Yes, that is the hazard of customizing one of the templates.

If you are willing to add an extra step to your processing, you can run the 
file through an identity stylesheet that leaves everything the same except the 
xlink:href attribute for those links.  Then you could apply the regular 
stylesheet to format it.

If you want to do it all within your customization, then this should work:

<xsl:template match="link[@role = 'relative']">
  <xsl:variable name="new.element">
    <foo>
      <xsl:copy>
        <xsl:attribute name="xlink:href">
         <xsl:value-of select="concat('http://prefix/', @xlink:href)"/>
       </xsl:attribute>
       <xsl:apply-templates/>
      </xsl:copy>
    </foo>
  </xsl:variable>
  <xsl:apply-templates select="exsl:node-set($new.element)/foo/*"/>
</xsl:template>
</xsl:stylesheet>

This puts the modified copy of the element into a fake element, and saves the 
result tree fragment to a variable.  Then it converts the fragment to a 
node-set using the exsl:node-set() function, and then selects the modified link 
element to apply-templates to.  The fake element is needed to avoid processing 
the root of the temporary node set.  In DocBook XSL, the root element is 
handled in a special way to set up an FO document with page-masters, and you 
want to avoid that by *not* processing the root element.  That's the tricky 
part I was referring to earlier.

Bob Stayton
Sagehill Enterprises
[email protected]


From: natk 
Sent: Monday, September 16, 2013 3:30 PM
To: Bob Stayton 
Subject: Re: [docbook-apps] Convert a relative file link to a URL in docbook


Thanks for the prompt reply. Yes I had thought of that solution, but it does 
not seem very maintainable. If that template changes when the library is 
upgraded, my customization layer will mean that I don't see those changes. 

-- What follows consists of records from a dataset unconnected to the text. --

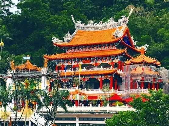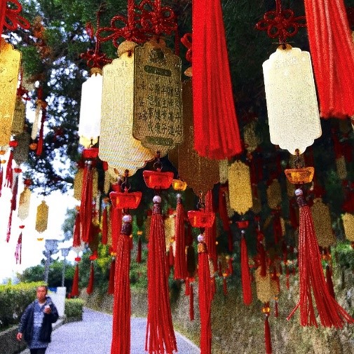 指南宮は、台湾道教の総本山ですが少し変わっていて、その120年の歴史の中で仏教、儒教も受け入れ、3つの宗教が1つの廟の中にあります。指南山の麓、海抜およそ300mに位置しており、動物園駅から猫空ロープウェイに揺られること30分ほどで指南宮駅に到着します。駅を出て凌霄寶殿へ向かう道沿いの木には、赤い飾りが印象的な絵馬がズラッとぶら下がっていました。
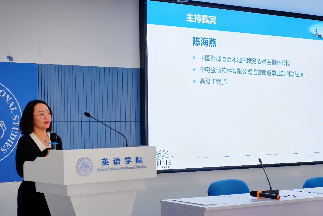 项洁女士代表承办方致辞,对与会嘉宾表示热烈欢迎。她表示,本次会议的召开对于推动本地化行业发展和全球化人才培养具有重要意义,并向大家介绍了对外经济贸易大学英语学院在翻译专业教育和人才培养方面的努力和成果,希望能够以本次会议为契机,与各位专家进行深入交流和研讨,加强校企合作,为我国翻译和本地化行业发展做出新贡献。
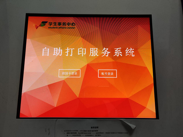 第二步:在自助打印設備上選擇登錄(校園卡登錄和賬號登錄均可)——按照屏幕提示點擊完成打印。
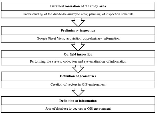 In general, updated knowledge of road assets status is a crucial factor for safety matters and a major duty in the charge of road conservation stakeholders is the collection of data for routine and periodic maintenance works [32,33,34,35,36]. Furthermore, with regard to European countries, the need for periodic inspection and audits is established from a normative point of view [37,38,39]. In contrast, costs associated to collecting data are a main drawback [24,40], so awareness of asset conditions is essential when allocating funds [36], and agencies should find an adequate and reasonable balance between level of safety and costs [41,42]. Despite the lack of common standards [43], there is a wide variety of approaches in surveying road assets and applicable technologies [44], and the latter are often integrated [45]. Surveying aim can include the collection of spatial information or the production of a detailed cadaster. Regarding the operational implementation of surveys, methodologies range from visual inspections to sensor-based automatic investigations, allowing faster collection of information. In order to optimize the survey, a combination of the previously mentioned methods could be applied [19]. With regard to the first category, visual inspections are defined in [33] as manual measurements operated by personnel walking or slowly driving along roadways. While in [46,47,48], it was argued that visual methods are slow, cumbersome, labor-intensive and time-consuming, in [33,49] it was highlighted that they are quite easy to learn, require simple equipment, and provide data of sufficient quality for most decisions and applications. Automatic surveys evolved in parallel to the development of solutions, such as remote sensing technologies [50] as well as artificial intelligence [51] and deep learning techniques [52] that allow an easier and quicker data collection, with growing efficiency in terms of effectiveness [53]; today, they are preferred to manual surveys [54].
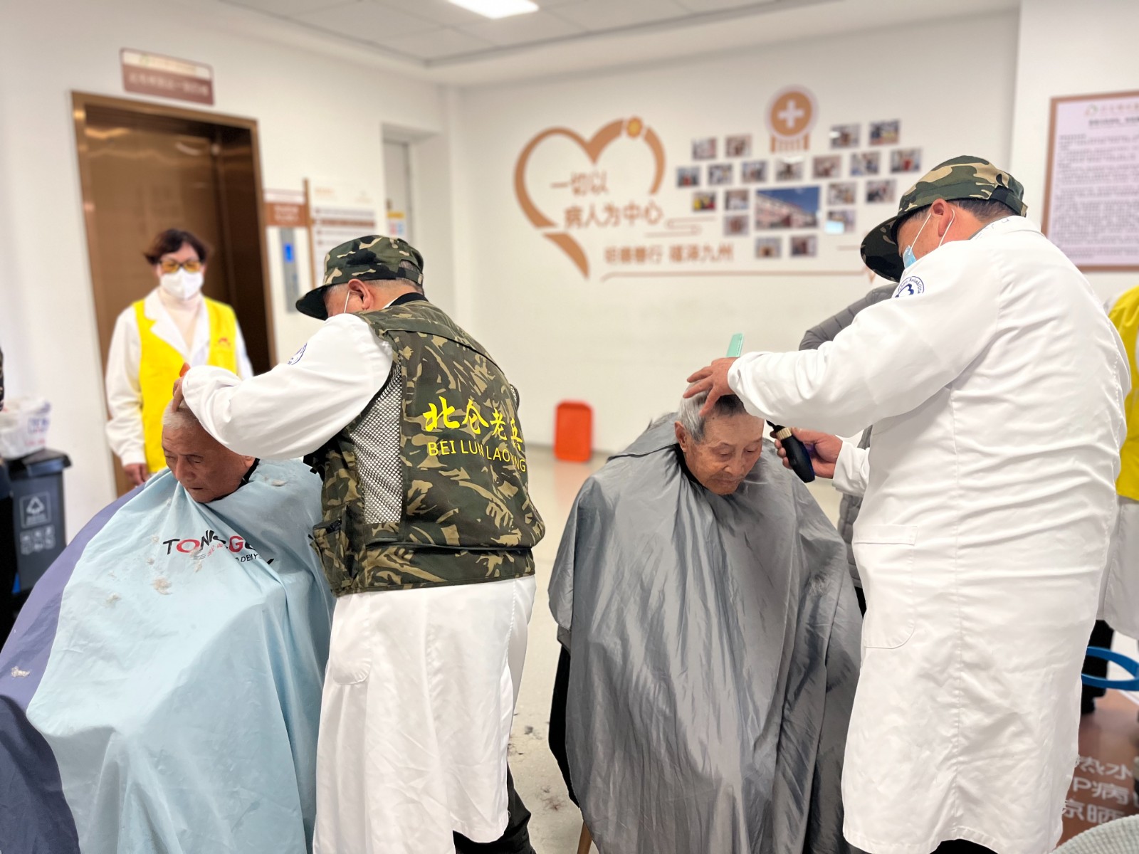而在 1 17 日,“老兵bangbang”志愿者们的足迹则留在了北仑区中心福利院,为里面的120 多位老人服务,其中年纪最大的已达 102 岁高龄。当志愿者们走进福利院大厅时,老人们纷纷投来期待的目光。老兵们迅速行动起来,摆好工具,为老人们依次理发。在理发的过程中,老兵们无微不至地照顾着每一位老人的感受,动作轻柔而娴熟。对于一些行动不便的老人,他们还主动走到老人房间,为其提供上门服务。
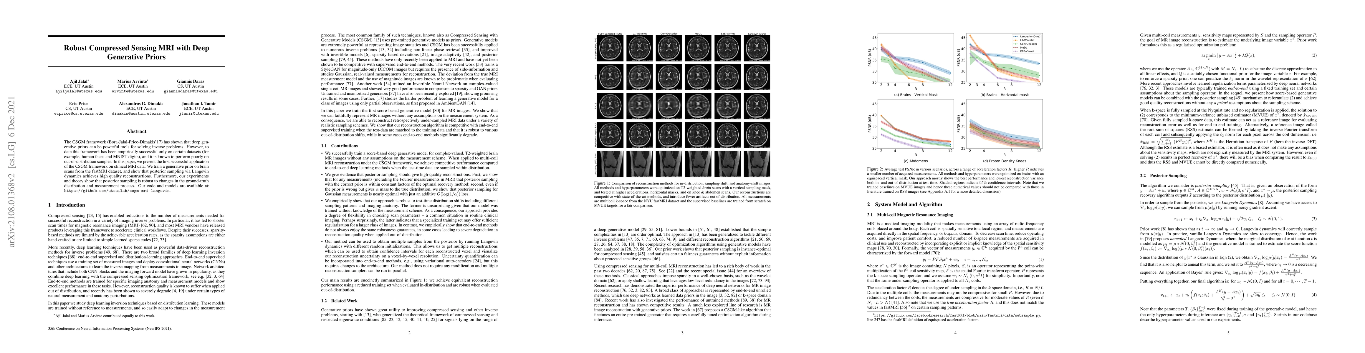 This paper applies the CSGM framework with deep generative priors to clinical MRI data, successfully reconstructing high-quality brain scans from the fastMRI dataset using posterior sampling via Langevin dynamics, demonstrating robustness to distribution and measurement changes. The authors make the code and models publicly available.
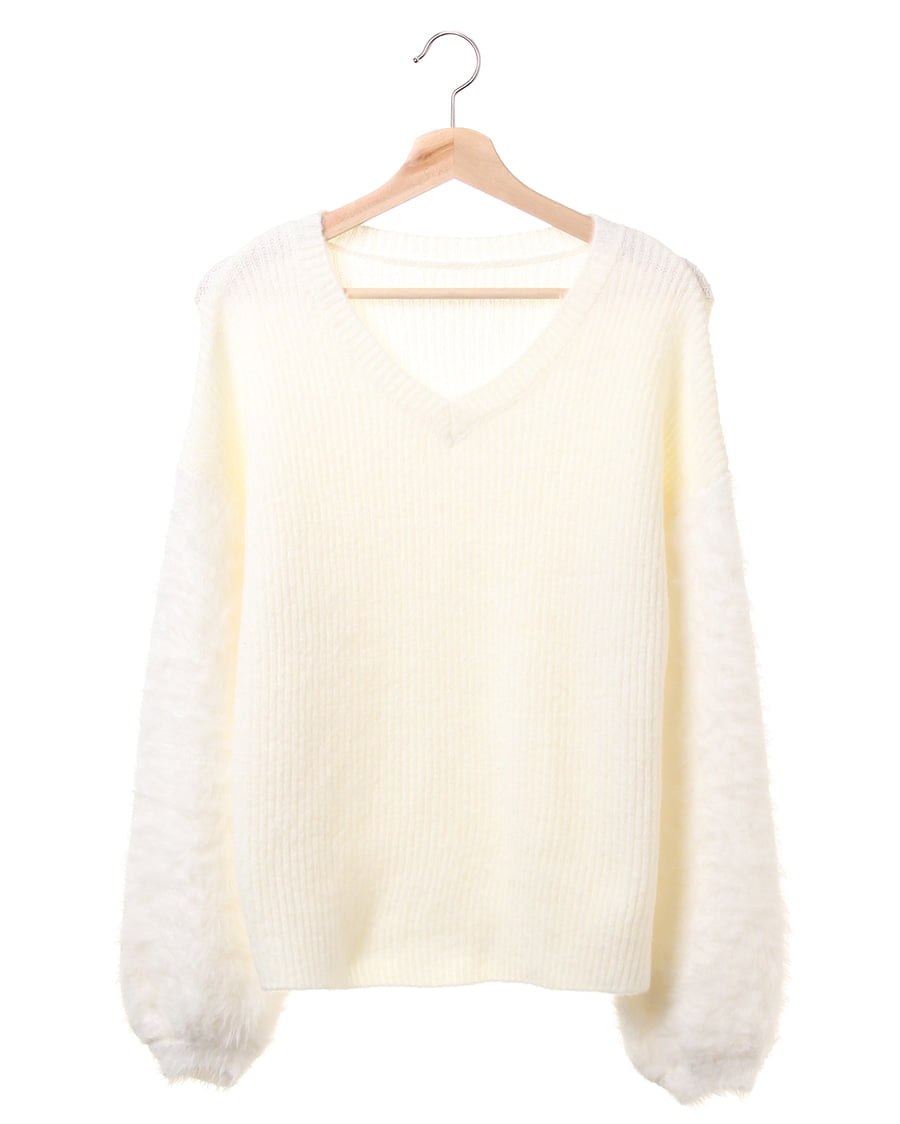 見た目にも暖かなざっくりニットは、袖部分のフェザー使いがアクセント。顔周りをすっきり見せるVネックに、ボリュームのあるスリーブでバランスの取れたシルエットに仕上げています。ドロップショルダーと組み合わせることで、今年らしさを演出。ベーシックなカラーから、コーディネートのアクセントになるカラーまで使いやすいカラーが揃っています。

On Tue, Sep 17, 2013 at 7:48 AM, Bob Stayton <[email protected]> wrote:

  Hi Natalie,
  I see what you are trying to do, by using XSL to modify the incoming element 
and then use apply-templates on the result.  However, that is tricky to do in 
XSL, because the xsl:copy creates what's called a "result tree fragment", which 
is not a node in the document, so you cannot directly apply templates to it.  
It can be converted to a node, but then it loses any context, further 
complicating the process.

  I would instead suggest you copy and modify the template named 'simple.xlink' 
from fo/inline.xsl.  That template is used to form the fo:basic-link element 
from any number of DocBook linking elements.  Unfortunately, it is a big 
template because of the variety of linking methods in DocBook, but your change 
is pretty simple.  In your customized template, change this:

         <!-- otherwise it's a URI -->
          <xsl:otherwise>
            <fo:basic-link external-destination="url({$xhref})">
              <xsl:apply-templates select="." mode="simple.xlink.properties"/>
              <xsl:copy-of select="$content"/>
            </fo:basic-link>

  to this:

          <!-- otherwise it's a URI -->
          <xsl:otherwise>
            <xsl:variable name="uri">
              <xsl:choose>
                <xsl:when test="$node/@role = 'relative'"> 

                  <xsl:value-of select="concat('http://prefix/', @xlink:href)"/>

                </xsl:when>
                <xsl:otherwise>
                  <xsl:value-of select="@xlink:href"/>
                </xsl:otherwise>
              </xsl:choose>
            </xsl:variable>
            <fo:basic-link external-destination="url({$uri})">
              <xsl:apply-templates select="." mode="simple.xlink.properties"/>
              <xsl:copy-of select="$content"/>
            </fo:basic-link>

  Bob Stayton
  Sagehill Enterprises
  [email protected]


  From: Natalie Kershaw 
  Sent: Monday, September 16, 2013 12:13 PM
  To: [email protected] 
  Subject: [docbook-apps] Convert a relative file link to a URL in docbook


  I am using docbook as a source for HTML and PDF output. In the docbook 
source, I have a series of links which are relative (pointing to javadoc 
files), which is fine for the HTML output because the javadoc files are 
deployed alongside the original document. For the PDF output, I would like to 
convert these to absolute links by way of prepending a URL prefix. Is this 
possible? I have added a 'relative' role to these links and have tried adding a 
fo customization layer:

<xsl:template match="d:link[@role='relative']">
  <xsl:copy>
    <xsl:attribute name="xlink:href">
      <xsl:value-of select="concat('http://prefix/', @xlink:href)"/>
    </xsl:attribute>
  </xsl:copy>
  <xsl:apply-templates select="d:link"/>
</xsl:template>
This seems to half-work in that it does prepend the prefix to the link href, 
but then it does not convert the link element into FO.

  Any ideas, or other ways this could be done?